Female:0 - 5 1.73 1.51 1.97

Female:11 - 15 1.33 1.18 1.50

Female:16 - 20 1.16 1.03 1.31

Female:21 - 25 0.96 0.84 1.10

Female:36 - 45 1.03 0.91 1.16

Female:46 - 55 1.06 0.94 1.19

Female:56 - 65 1.28 1.15 1.43

Female:6 - 10 1.44 1.27 1.64

Female:66 - 75 1.50 1.36 1.66

Female:Over 75 1.51 1.37 1.66

10

Question 3a

Write a short paragraph describing a case/control model (not the results) corresponding the

theGlm and theGlmInt objects.

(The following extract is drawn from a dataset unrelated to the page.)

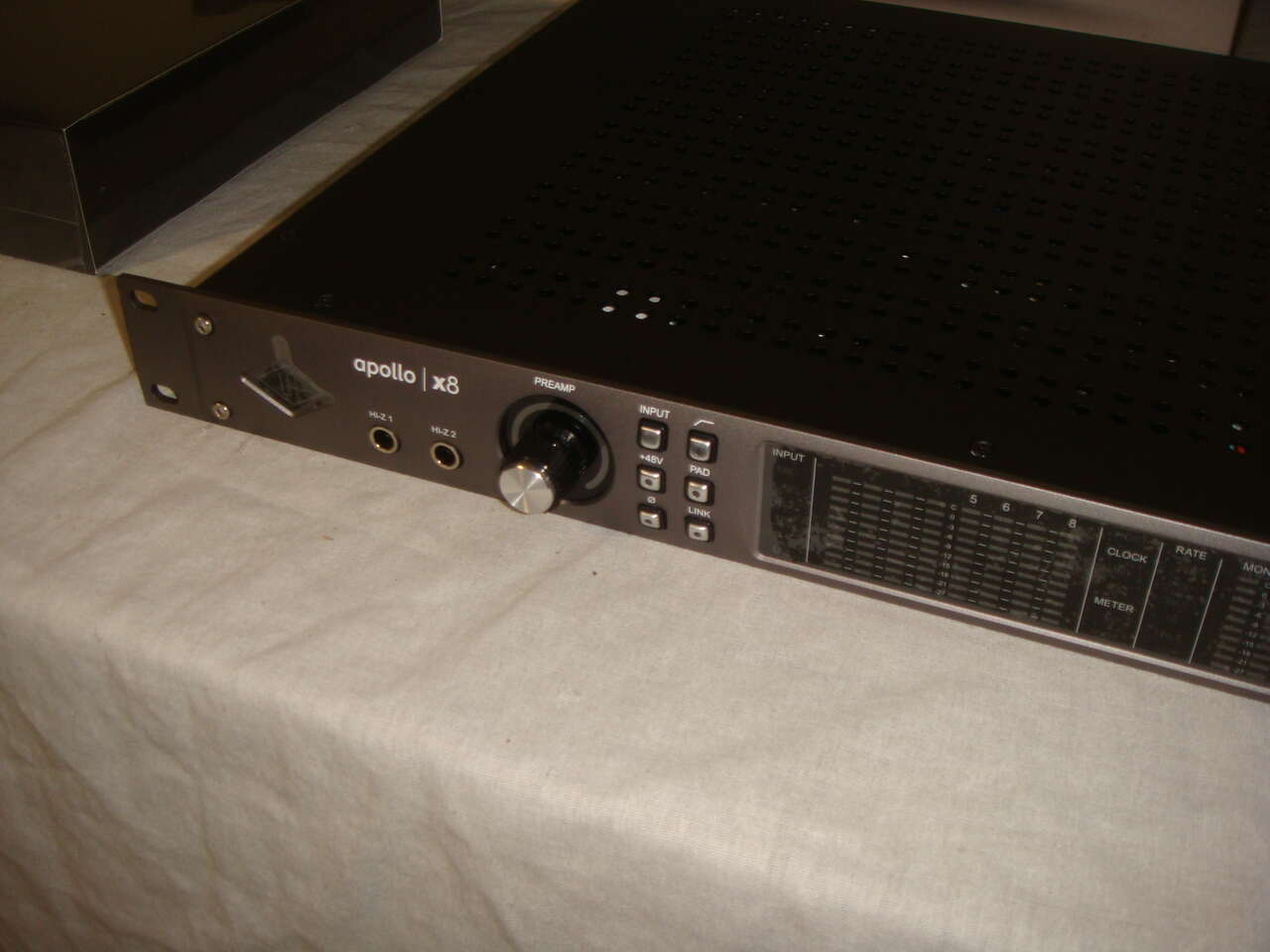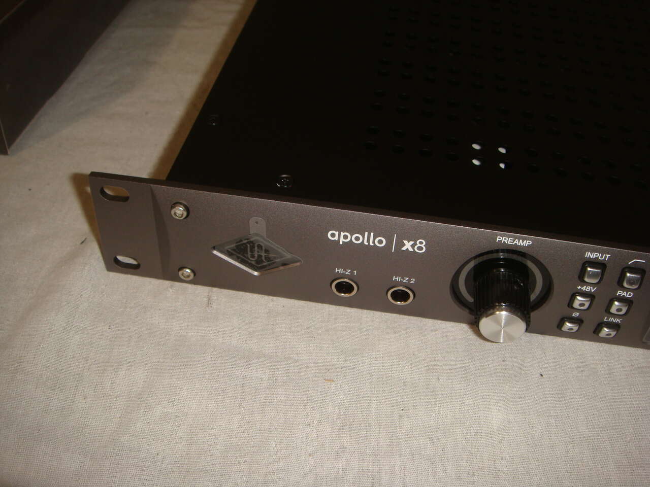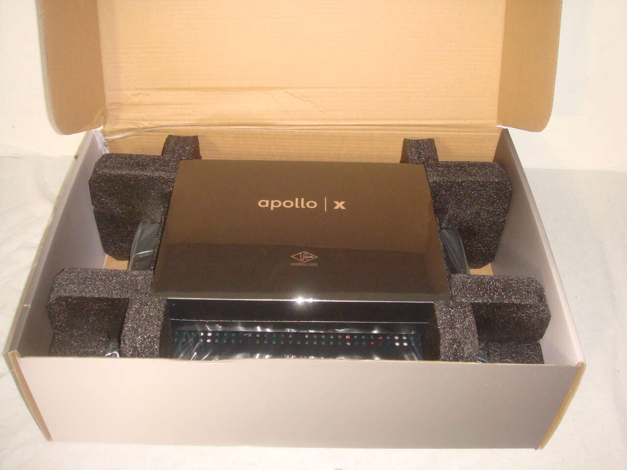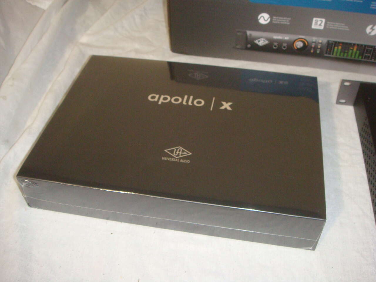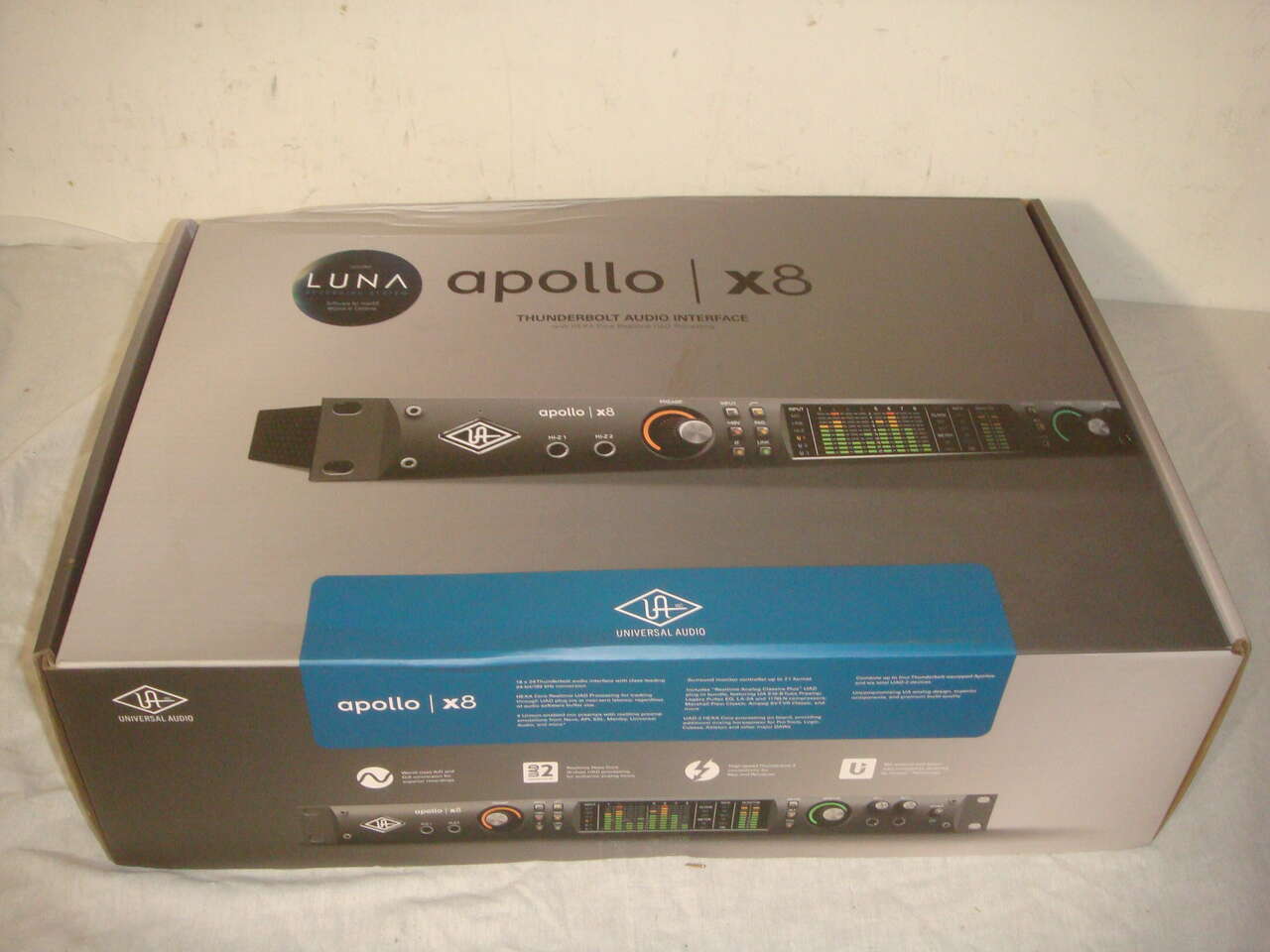 BRAND NEW UNIVERSAL AUDIO APOLLO X8 18x24 THUNDERBOLT 3 AUDIO INTERFACE WITH FREE LUNA RECORDING SYSTEM SOFTWARE, & HEXACORE ACCELERATION & REALTIME UAD DSP PLUG-INS. This is a brand new, open box item that has never been used. The original box was very slightly distressed, but not in a spot where it touched or caused any harm to any of the internal items. The unit is brand new with the original plastic still on the screens and the accessories/sofware box is still sealed. It comes with everything shown as new. This is your chance to save big-time so don't miss out!!
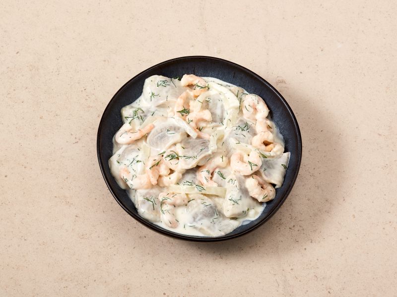 Zarte Heringsfilethappen (34%) und knackige Shrimps (16%) aus einer MSC-zertifizierten, nachhaltigen Fischerei in einem feinen Dressing aus leichtem Joghurt, herzhafter Mayonnaise und würzigem Dill.

Be sure to specify the case definition and the control group,

and what the covariates are.

Question 3b

Write a short report assessing whether the UK road accident data are consistent with the

hypothesis that women tend to be, on average, safer as pedestrians than men, particularly as

teenagers and in early adulthood. Explain which of the two models fit is more appropriate

for addressing this research question.

Question 3c

It is well established that women are generally more willing to seek medical attention for

health problems than men, and it is hypothesized that men are less likely than women to

report minor injuries caused by road accidents. Write a critical assessment of whether or not

the control group is a valid one for assessing whether women are on average better at road

safety than man.

Some code

download data

pedestrainFile = Pmisc::downloadIfOld(

'http://pbrown.ca/teaching/303/data/pedestrians.rds')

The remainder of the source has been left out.